[YOUR GOAL] Look through the data below for the line with "女子向けラノベタイトル風あだ名 | 『おとあきストレイドッグス』 |", and transcribe it exactly together with each line after it up to and including the line with "Season to taste.". Give nothing else.

═══ DATA FOR REVIEW

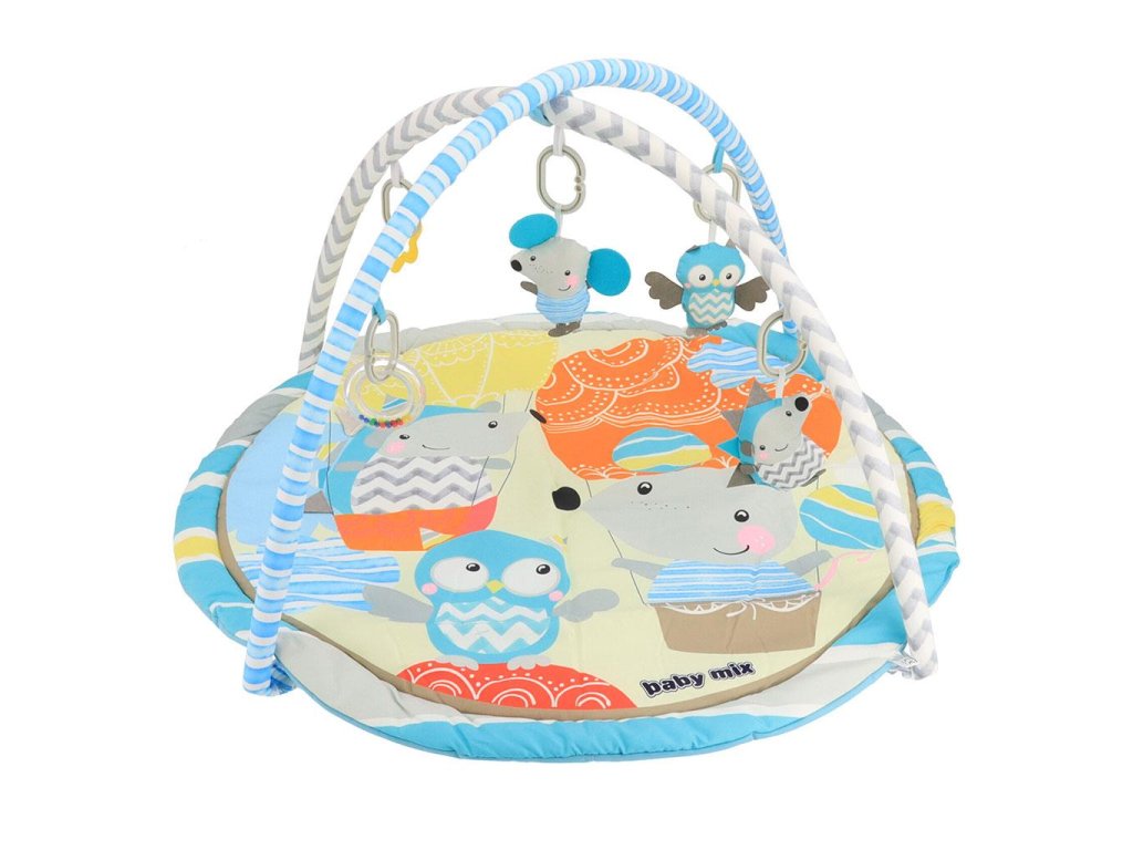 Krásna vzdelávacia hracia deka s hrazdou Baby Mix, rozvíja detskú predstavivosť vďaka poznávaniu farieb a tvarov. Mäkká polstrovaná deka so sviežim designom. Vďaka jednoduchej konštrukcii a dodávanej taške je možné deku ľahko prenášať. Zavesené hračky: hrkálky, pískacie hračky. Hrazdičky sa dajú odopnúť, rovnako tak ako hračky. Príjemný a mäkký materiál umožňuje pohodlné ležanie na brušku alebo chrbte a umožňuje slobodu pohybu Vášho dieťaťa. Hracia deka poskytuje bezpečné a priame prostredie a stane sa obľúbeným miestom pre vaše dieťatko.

══════
═══ DATA FOR REVIEW

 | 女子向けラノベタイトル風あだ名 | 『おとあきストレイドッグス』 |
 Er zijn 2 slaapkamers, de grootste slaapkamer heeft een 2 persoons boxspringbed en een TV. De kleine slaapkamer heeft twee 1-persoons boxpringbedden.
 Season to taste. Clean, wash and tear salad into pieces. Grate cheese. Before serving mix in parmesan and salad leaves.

══════

[ANSWER BELOW]
 | 女子向けラノベタイトル風あだ名 | 『おとあきストレイドッグス』 |
 Er zijn 2 slaapkamers, de grootste slaapkamer heeft een 2 persoons boxspringbed en een TV. De kleine slaapkamer heeft twee 1-persoons boxpringbedden.
 Season to taste. Clean, wash and tear salad into pieces. Grate cheese. Before serving mix in parmesan and salad leaves.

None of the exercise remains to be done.